■ **Records supplied**
▼▼▼
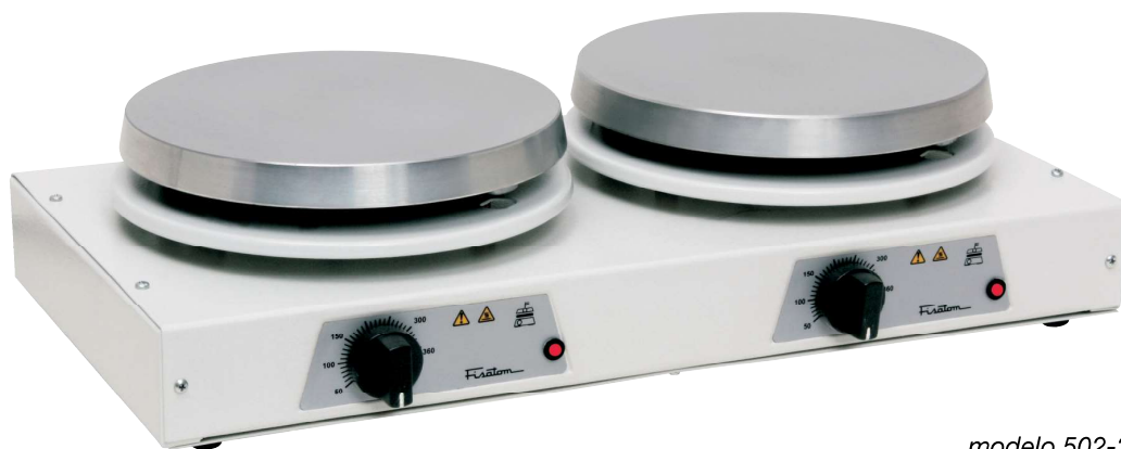
modelo 502-2 e 503-2
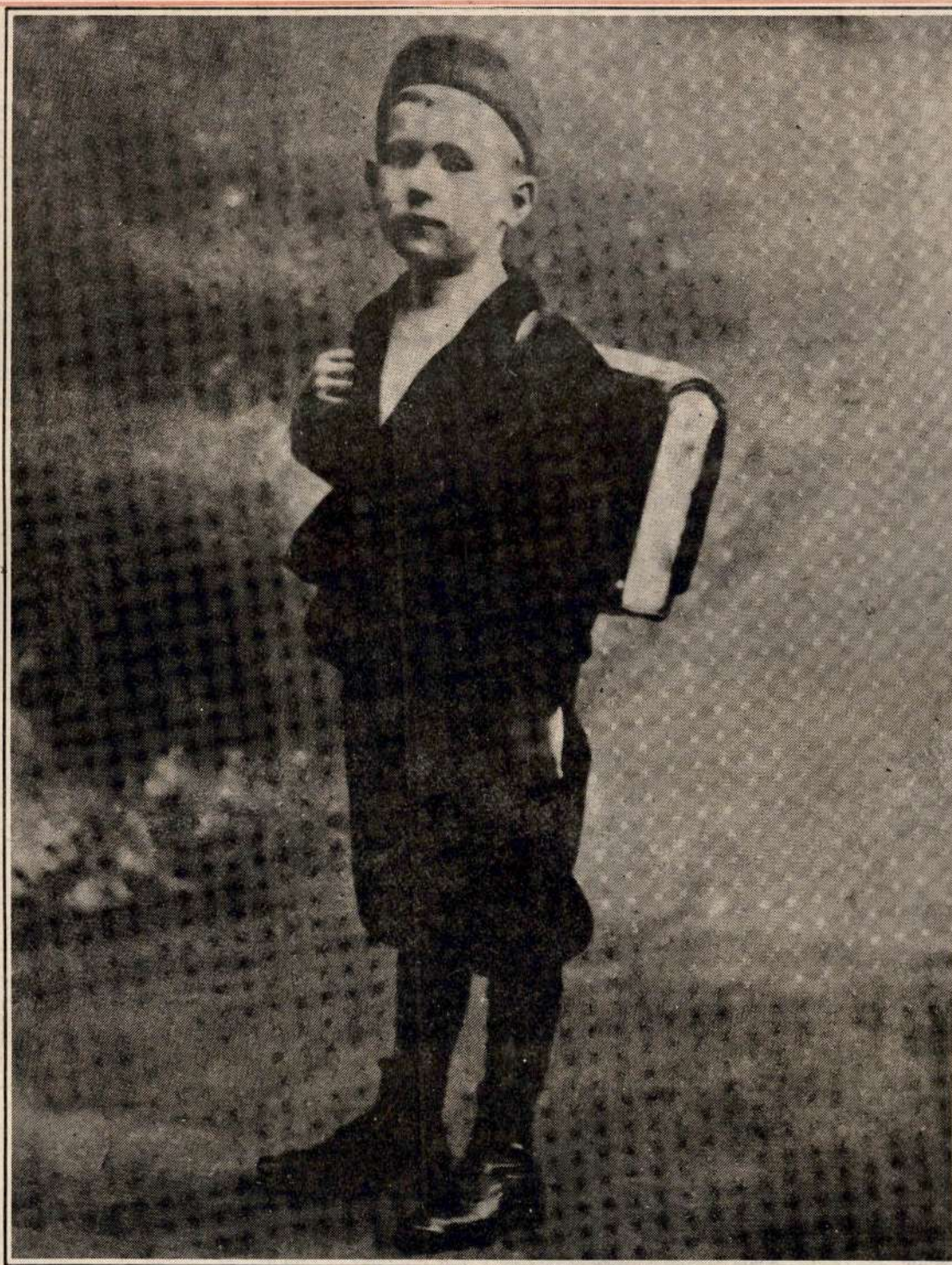
El infante Bertolt Brecht.

Aunque las primeras poesías de Brecht, escritas entre 1917 y 1927, son impensables si no tenemos en cuenta ciertos modelos expresionistas, son de una violenta y arrolladora originalidad; pero, ¿qué le importaba a él la originalidad? "Muchos opinaban que los grandes maestros de la música y de la pintura debían de haberse sentido orgullosos de poder hacer lo que
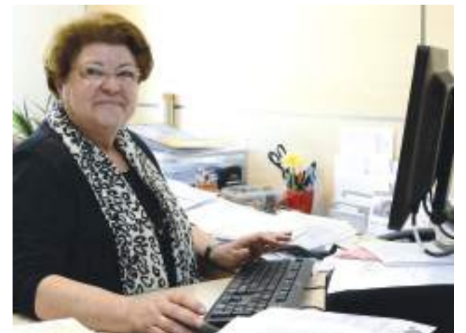
Gloria va exercir els seus últims anys com a secretaria de l'alcalde

"Gràcies als meus veïns i veïnes. Graciès, Poble", diu Gloria.
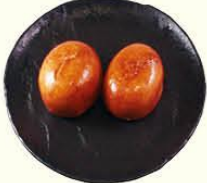
63. Zoet Broodje
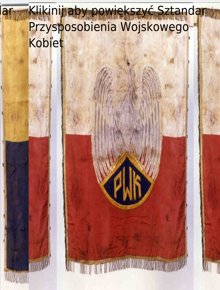
Sztandar Przysposobienia Wojskowego Kobiet

Kliknij aby powiększyć Sztandar Przysposobienia Wojskowego Kobiet
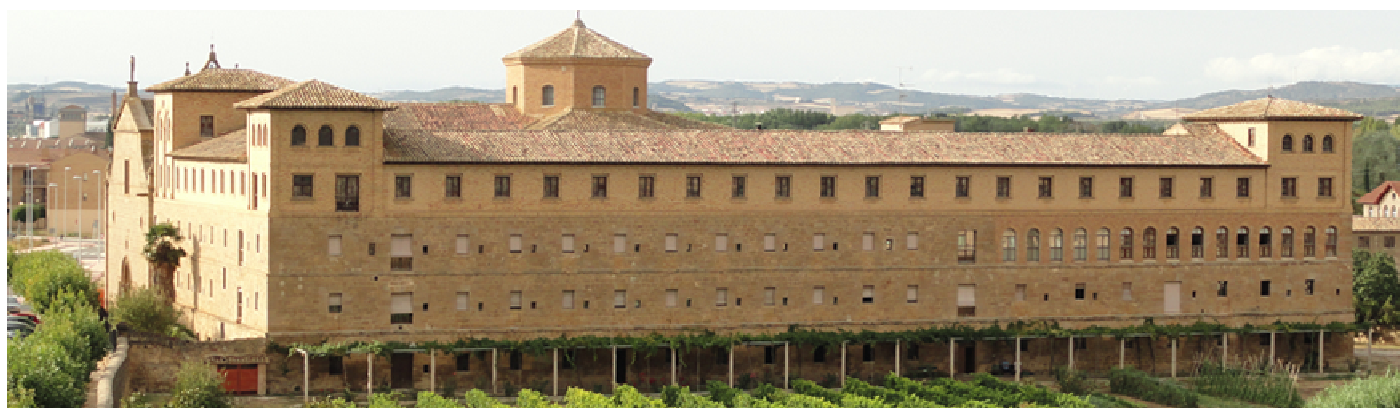
❶ Fachada del convento de San Francisco, ante las huertas que lo rodean.

Desde las almenas del castillo, se disponen unas vistas extensas, e incluyo una imagen del Convento de San Francisco (que no es visitable).
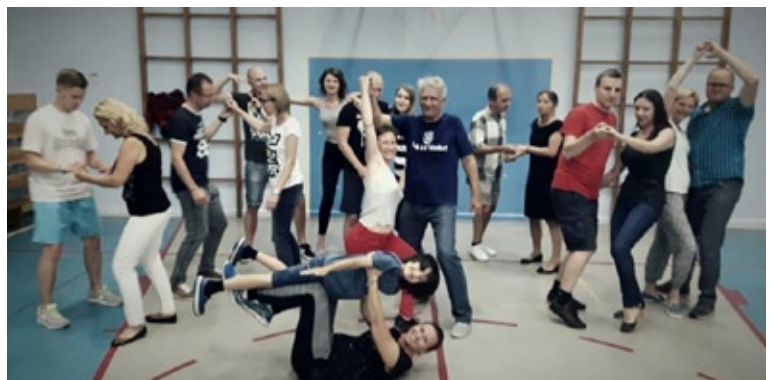
Zajęcia taneczne przy ul. Kadetów w osiedlu Las
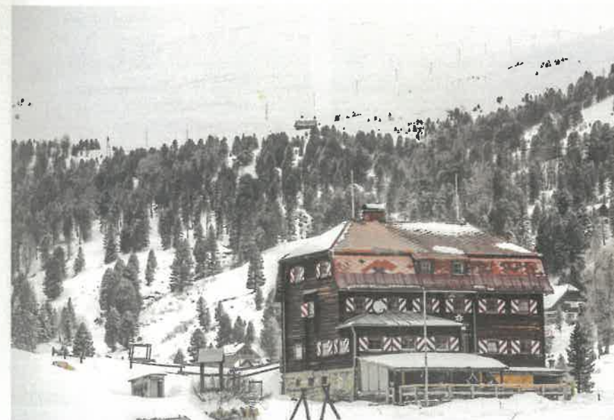
Chata Dr. Josef-Mehrl-Hütte je jedna z mála v zimě otevřených chat

Mapy/Průvodce: Freytag & Berndt, WK 222 „Bad Kleinkirchheim, Biosphärenpark Nockberge“, 1:50000; Gerald Sagmeister, Christian Wutte, Kärnten West, Radstädter Tauern bis Karnischer Hauptkamm, 50 Skitouren, Bergverlag Rother, München 2014. Informace o parku Biosphärenpark: Biosphärenpark Nockberge, Tel.: +43 4275 665, www.biosphaerenparknockberge.at
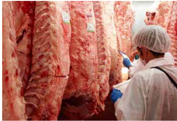
枝肉を確認する関係者

JA南さつまは七月二十三日、南九州市知覧町の(株)JA食肉かごしま南薩工場で、平成三十年度第一回JA南さつま12D飼料肉牛枝肉共励会を開催しました。
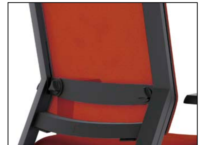
Lordosenverstellung / Lumbar adjustment / Ajustement du soutien lombaire / Lumbaalverstelling
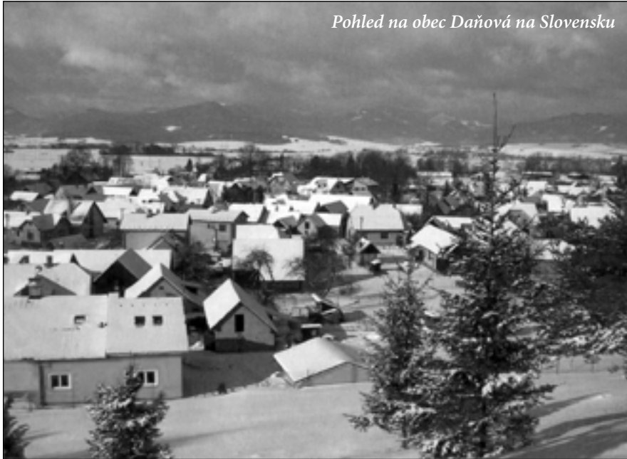
Pohled na obec Ďanová na Slovensku

vuje Dohoda o spolupráci v oblasti mládeže, sportu a kulturně-společenské činnosti mezi obcí Ďanová a obcí Tlumačov.
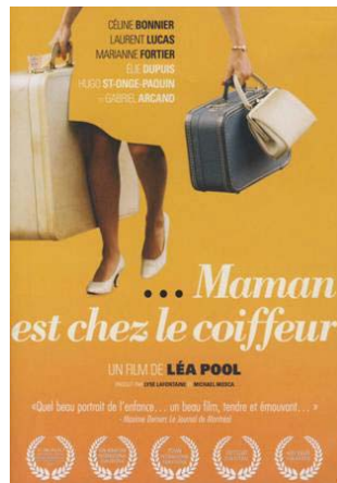
Maman est chez le coiffeur De Léa Pool

En accord avec la SODEC et avec l'appui de la Délégation générale Québec, une première expérience pourrait être tentée à l'automne autour de trois films à disposition :
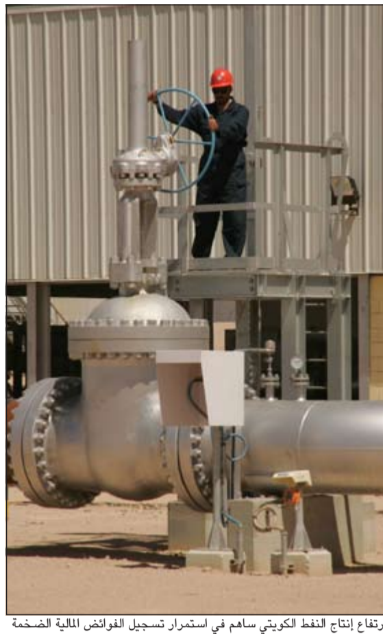
ارتفاع إنتاج النفط الكويتي ساهم في استمرار تسجيل الفوائض المالية الضخمة

ان الكويت استمرت في سياسيتها النقدية الموائمة وتزايد معدل نمو الائتمان إضافة إلى استقرار ربحية البنوك خلال العام الحالي، مؤكداً في الوقت نفسه قوة مؤشرات السلامة المالية حيث يبلغ متوسط معدل كفاية رأس المال للبنوك نحو 18,3% (16,6% للمستوى الأول لرأس المال) كما في نهاية يونيو الماضي. وذكر التقرير أن إجمالي الديون غير المدفوعة لدى البنوك الكويتية تراجع إلى نحو 4,6% في يونيو الماضي من 5,2% في نهاية عام 2012 في وقت بلغت نسبة تغطية المخصصات لدى البنوك نحو 107% في نهاية يونيو الماضي. وقال التقرير إن بعض شركات الاستثمار واصلت تسجيل خسائر في عام 2012 وإن كان بمعدلات أدنى مقارنة بعام 2008 ولا تزال بعض تلك الشركات تعمل على تقليص مديونياتها وإعادة هيكلة أوضاعها المالية. وعن آفاق الأداء الاقتصادي الكويتي توقع صندوق النقد
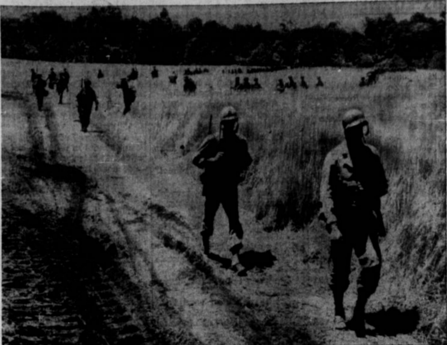
ZAVEZNIŠKI VOJAKI V NOVI GVINEJI NA LOVU ZA JAPONCI.

Kralj Emanuel je obljubil sneti svojo krono čim zavezniški osvobodijo Rim. To je storil. Vlado vladarja je dobil njegov sin kronprince Umberto. To je torej v tej spremembi edina razlika. Reševanje monarhij v Eypri je v bistvo reševanje starega reda. Vsak kralj, ki ostane, pa naj bo grški George, jugoslovanski Peter, nizozemska Wilhelmina itd., pomeni potiskanje ljudstva v nekdanje razmere. In ob enem
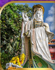
เจ้าแม่กวนอิม ริ้วลิลิตมัย
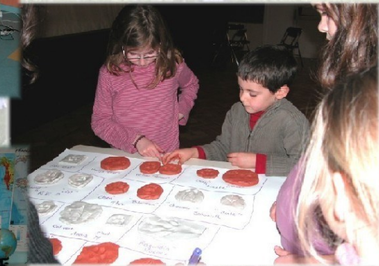
Création d'un moulage d'empreinte
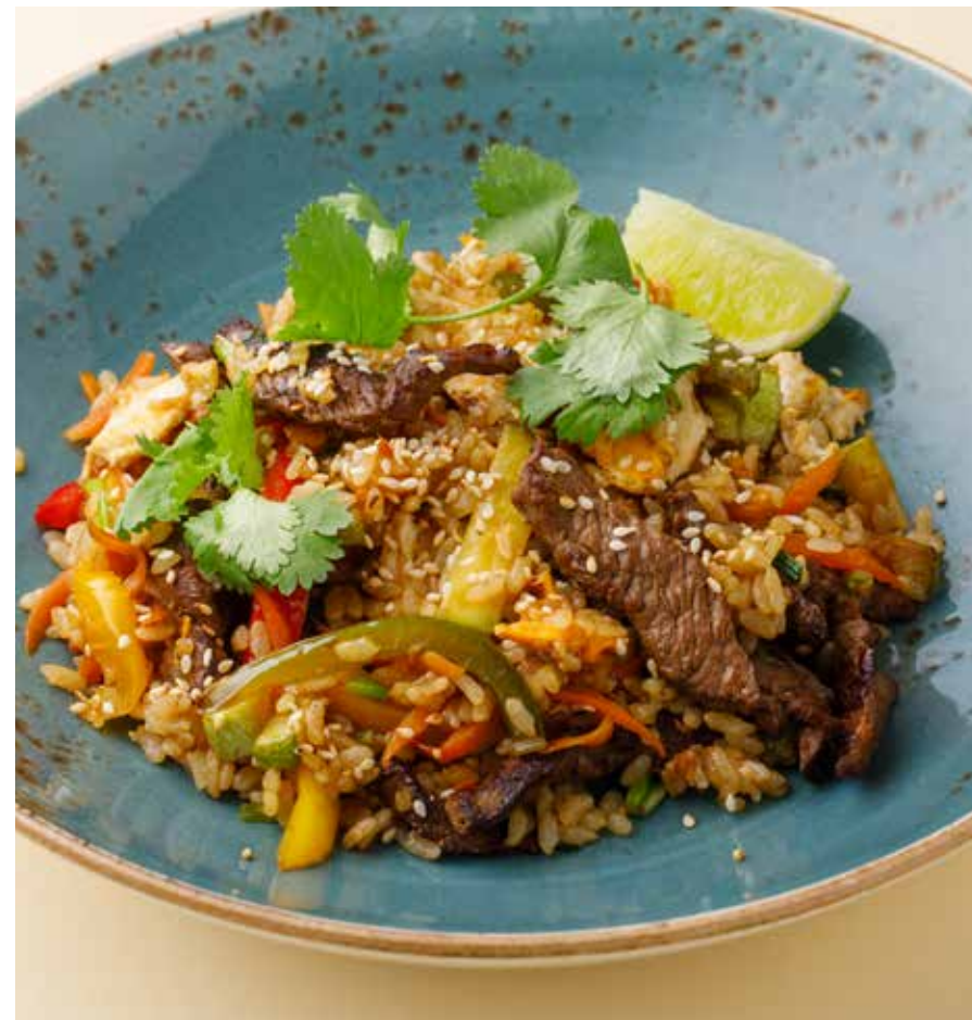
РИС С ГОВЯДИНОЙ И ЯЙЦОМ Rice with beef and egg
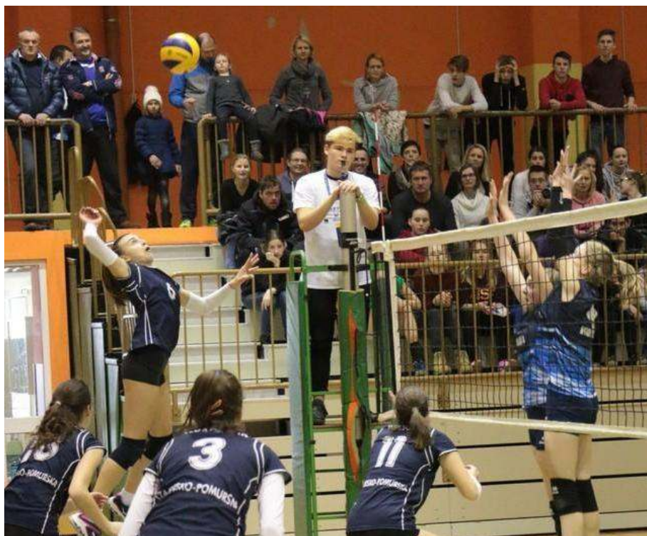
Zanimiv obračuni na Turnirju regij v Šempetru so pritegnili tudi lepo število gledalcev.

Pri fantih je drugo mesto pripadlo reprezentanci Ljubljane z okolico, v malem finalu pa so si bronasto odličje priigrali odbojkarji koroške regije s celjsko regijo, ki so se veselili zmage nad Primorci. Na 5. mestu so turnir zaključili odbojkarji mariborske regije s pomursko regijo, šesto mesto je pripadlo Gorenjcem.
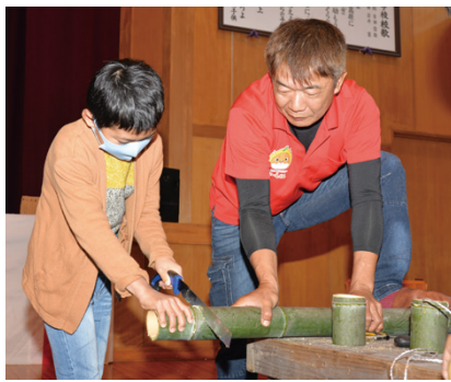
▲「竹馬作り体験」で竹の切り方を教える愛南グリーン・ツーリズム推進協議会の会員(右)

日常生活の中で体験する機会が少ない活動を通じて子どもたちに達成感や感動を得てもらい、豊かな心や郷土愛を育ててもらおうと、旧満倉小学校屋内運動場で「G.T秋の子ども大収穫祭〜全員集合!〜」(愛南グリーン・ツーリズム推進協議会主催)が行われました。 昨年が続いて2回目の開催となったこの日は、地元の園児から大人まで約60人が参加し、御荘湾で養殖された真珠を用いてストラップなどのアクセサリを作る体験や、のこぎりや竹を切ったひも付きの竹馬を作る体験、松ぼっくりや魚のうろこを材料にしたクリスマスリース作
▲▲▲
■ **Instructions for the task**
Sift the data above for lines with "Brecht", then copy each one.

■ **Result below**
El infante Bertolt Brecht.
Aunque las primeras poesías de Brecht, escritas entre 1917 y 1927, son impensables si no tenemos en cuenta ciertos modelos expresionistas, son de una violenta y arrolladora originalidad; pero, ¿qué le importaba a él la originalidad? "Muchos opinaban que los grandes maestros de la música y de la pintura debían de haberse sentido orgullosos de poder hacer lo que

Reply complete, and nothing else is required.